Saturday, December 4, 2010

What the hell

is going on here.

Somebody better come up with a damn fine story and tell it to me ASAP.

I want to be entertained.


Let your fingers do the walking and type me up something good and fine and delicious. Give me something that causes you to laugh so hard while you're writing it that you're not sure you can type. Makes your soul cough up on my computer screen. Get's those voices in your head that say you can't write that! all rattled up and talking as you say it anyway.

Something I can sink my teeth into and chomp down on it like the pit bull that I am. Or caresses me like ribbons I would have worn in my hair when I was a girl if I would have known how. It all depends on what someone is willing to write.

Stop dreaming about my pumpkin muffins and write.

Do it.

Or, if you insist upon withholding your goodness and wish to remain distracted, try this


It'll entertain a bunch of wordsmithy clowns like you for hours.

Of course, one thing I always think of when I get lost there is how wonderful it would be if that thing was a vibrator. I mean, shit, just look at it tingling and dancing all over the place just because I give it a little word to tap dance about.

Write, bitches.

Don't make me get my crow bar.


  1. For the love of God, somebody help MG out. I put my regret story on my personal blog instead of here.

  2. I feel your (noun of your choice), MG, I really do. Actually, I feel really guilty.

    But let's look at the demographics here: we have 2 contributors going through a relationship breakup, 2 contributors on the verge of the same, one dealing with a fairly new-born baby (plus new town and new marriage), one dealing with reduced fertility, one who is maybe facing reluctant step-mom-ship, one who coordinates AAYSR as well as working and writing, and one who is a mother, step-mother and runs her own business. Plus two others I know very little about.

    This always happens with women's groups. We spread ourselves too thin. So, a timely reminder yes, but patience.

    Also, I couldn't write like you're asking for if my life depended on it. But I loved the link.

  3. And I am trying to write something but I'm back in therapy and it is all so drippy self-involved.

  4. I just put "patient" into VisuWords. It is especially titilliating.

  5. Oh, and Cat? Don't be trying to sneak little things into your comments about how you can't write. Me no no believe you woman!!

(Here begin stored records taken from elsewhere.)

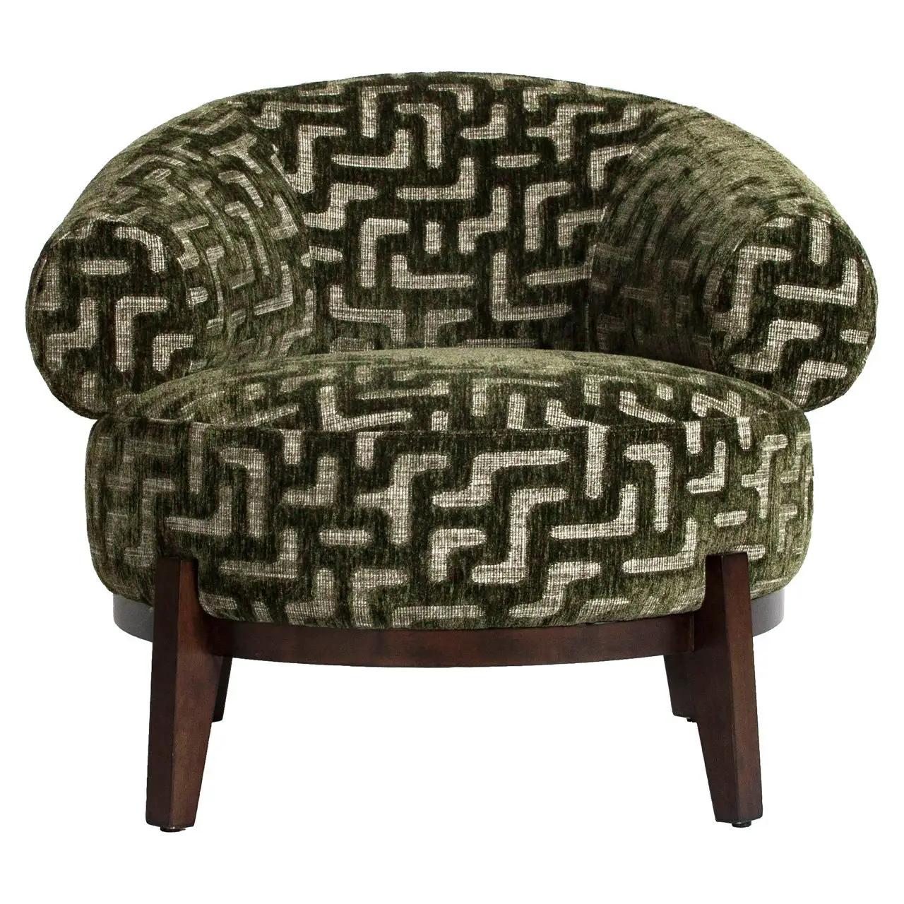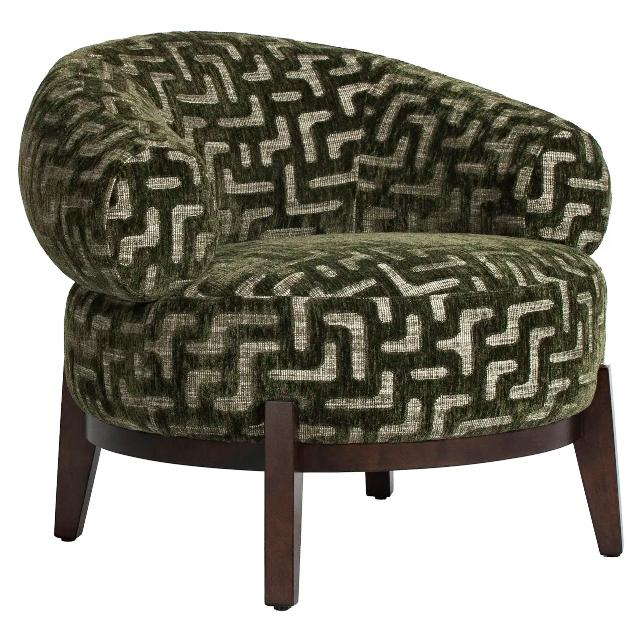 Een loungestoel met een ontspannen en uitnodigend profiel. Het labyrinthpatroon geeft het ontwerp een speels accent, terwijl de moss tint zorgt voor een natuurlijke uitstraling. De royale vorm ondersteunt een comfortabele zit en maakt het model geschikt als zelfstandig statement of als onderdeel van een grotere setting.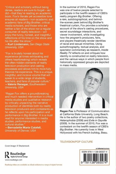 In the summer of 2010, Ragan Fox was one of twelve people selected to participate in the twelfth season of CBS's reality program Big Brother. Offering a rare, autobiographical, and behind-the-scenes peek behind Big Brother's theatrical curtain, Fox provides a scholarly account of the show's casting procedures, secret soundstage interactions, and viewer involvement, while investigating how the program's producers, fans, and players theatrically render identities of racial and sexual minorities. Using autoethnography, textual analysis, and spectator commentary as research, Inside Reality TV reflects on and critiques how identity is constructed on reality television, and the various ways in which people from historically oppressed groups are depicted in mass media.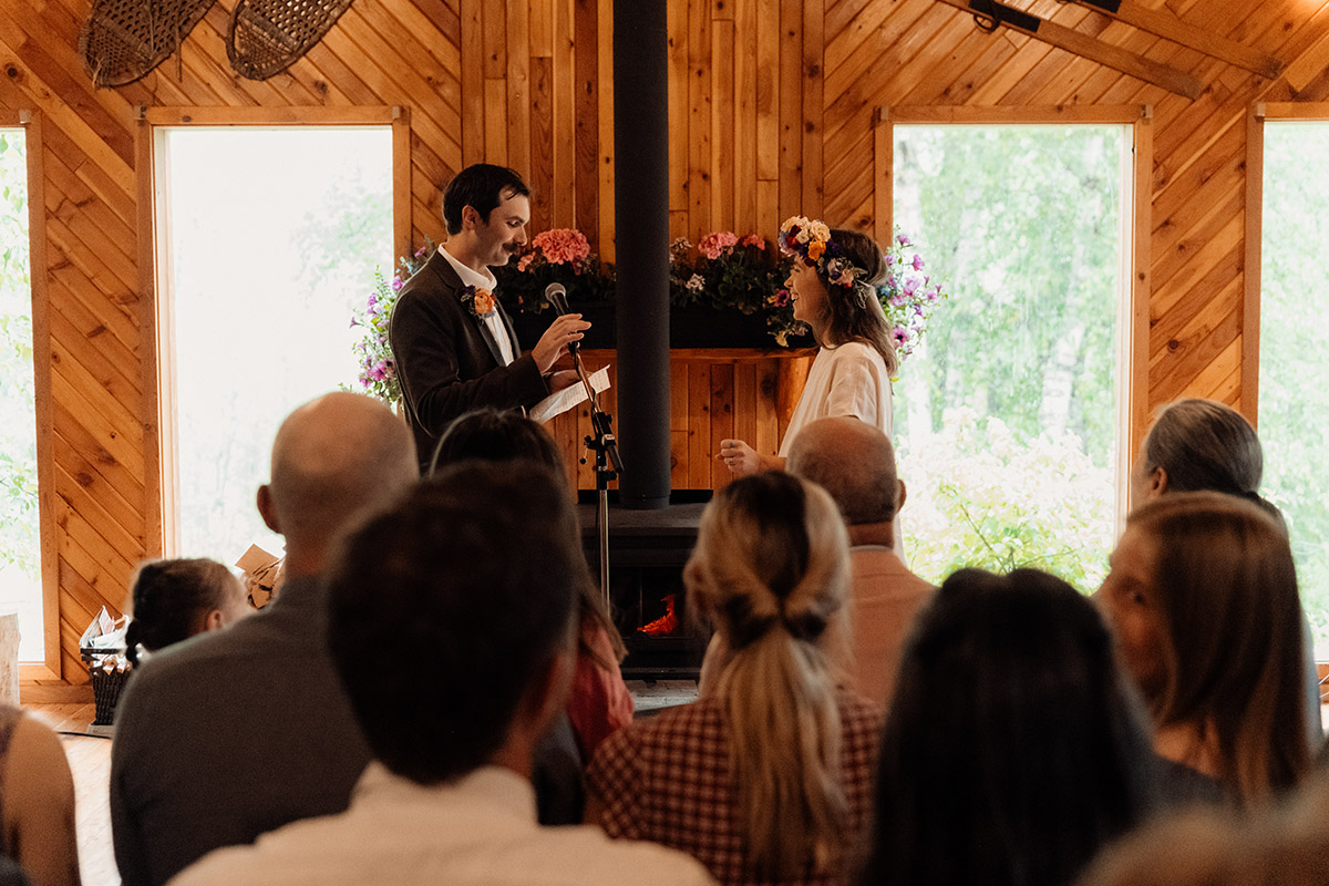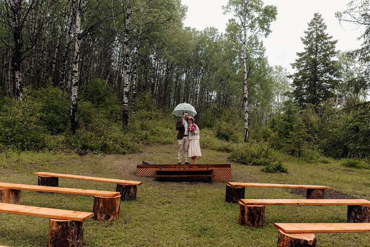 Ceremonies take place in a beautifully natural outdoor setting, where rustic plank and stump benches lead to a simple wooden stage tucked among the trees. Smaller weddings can also make use of the warm, wood-accented interior common room for cozy, candlelit gatherings.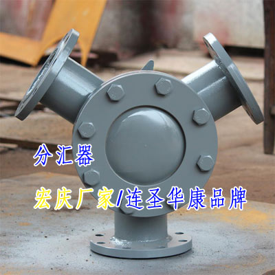分匯器可以將一根循環(huán)管分開(kāi)成兩根獨立的管,比如在裝球器出口一根管路變到兩只噴球器的入口管路,那么分匯器可以很好的將此功能實(shí)現;同樣當把兩根再循環(huán)管合在一起成為一根再循環(huán)管時(shí),比如兩個(gè)收球口的管路匯集到膠球泵的入口管路時(shí),分匯器扮演了同樣的角色。

  6. I couldn't do funny right now if my life depended on it, but if you want to read something that will tear your heart out, I'm your gal.

  7. Sorry, that was me, Zen Mama - not Ryley who has apparently been logged into gmail here on MY computer.

  8. Flutter, are you on the roster yet? Would you like to be?

  9. If I'm the reluctant stepmom, I'm happy to say that the whole Chinese baby thing seems to have been a passing whim.

  10. I'm really glad for you, Elder.

    But I could tear my hair out about the number of times I get presented with an entirely unattractive proposal which it takes me ages to get my head around and accept, only to find that it was my acceptance that was necessary, not the thing/idea itself. I'm sick of being tested.

    All the same, being a country gal I'm hoping that the current proposal to move back to Madrid is going to fall into this category. I've already accepted (with my fingers crossed behind my back, how sincere is that?), and now I'm waiting to see if it was a passing phase.

    Ruby and MG, my stuff is all moany navel-gazing at the moment. You really don't want to hear what I'm self-censoring :).

    WV: quests....

  11. Well don't start asking me questions now about what I think or don't think about what people should be posting here. I have no idea other than this ----> I have never once read something any of you wrote that didn't do something for me or to me.